Сотрудничать, быть связанным, действовать заодно с другими – это побуждение метафизически болезненное. Душу, данную индивиду, нельзя заимствовать для отношений с другими. Божественный факт существования нельзя уступать сатанинскому факту сосуществования.

Действуя вместе с другими, я теряю, по крайней мере, одно: возможность действовать одному.

Когда отдаю себя чему‑то, хотя бы и казалось, что я расширяюсь, я себя ограничиваю. Жить вместе – значит умирать. Для меня только мое самосознание реально; остальные – лишь нечеткие явления для этого сознания, и было бы болезненным предоставить им реальность, слишком правдоподобную.

Ребенок, желающий обязательно исполнить свой каприз, наиболее близок к Богу, потому что хочет существовать.

Наша жизнь – жизнь взрослых – превращается в постоянную подачу милостыни другим.
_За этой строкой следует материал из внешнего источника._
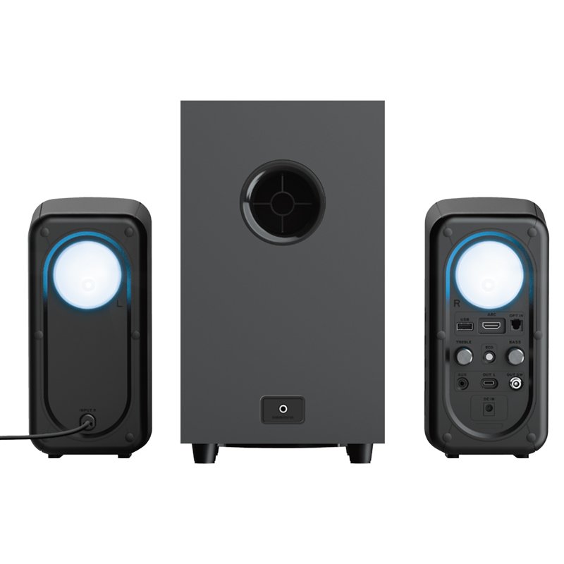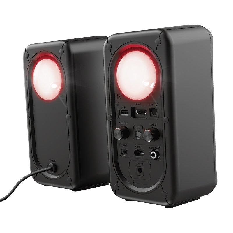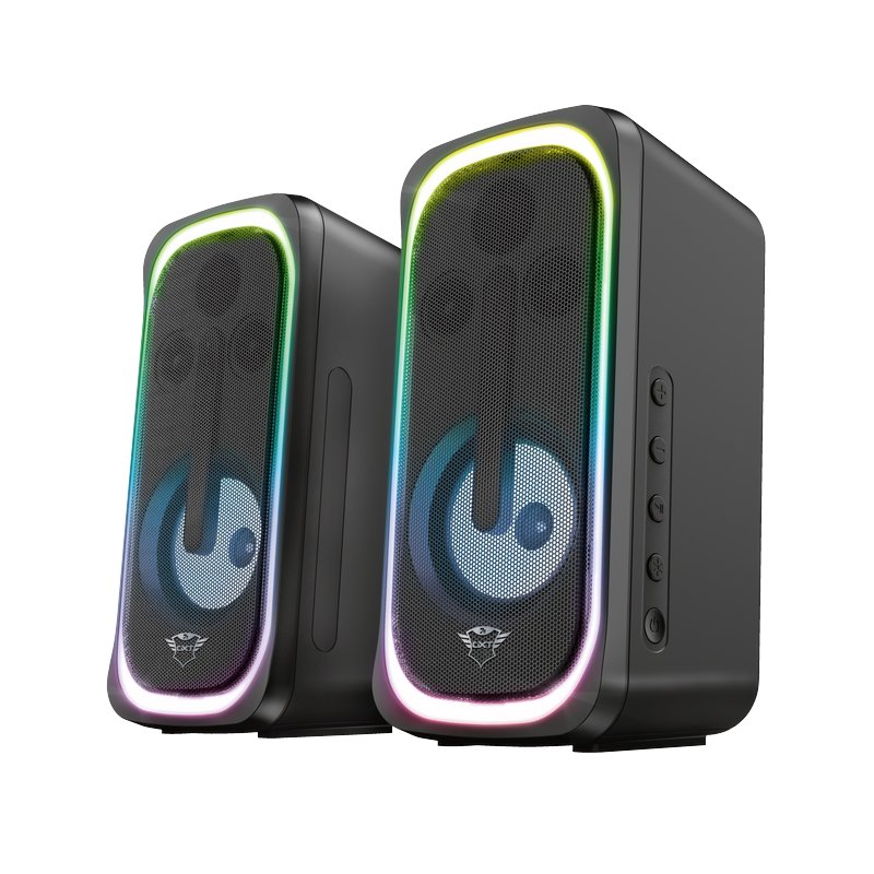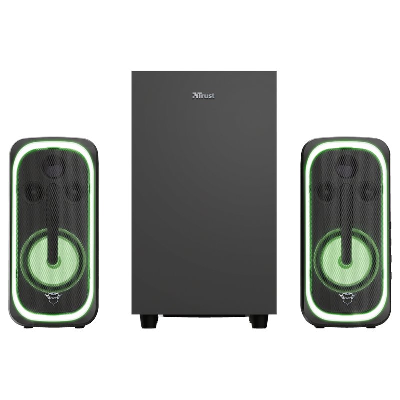 TRUST RUMAX 2.1 GXT 635 – потужна акустична система для геймерів з двома сателітами та сабвуфером, забезпечує об’ємний звук і яскраве підсвічування.

Все мы живем милостыней, поданной другими. Мы растрачиваем свои личности в оргиях сосуществования.

Каждое сказанное слово нас предает.

Единственное терпимое сообщение – слово написанное, потому что это не камень моста меж душами, но луч света меж звездами.

Объяснять – значит не верить. Вся философия – это дипломатия при одной из форм вечности… как дипломатия, вещь лживая в самой своей сущности, существующая не сама по себе, но вся и абсолютно – ради какой‑то цели.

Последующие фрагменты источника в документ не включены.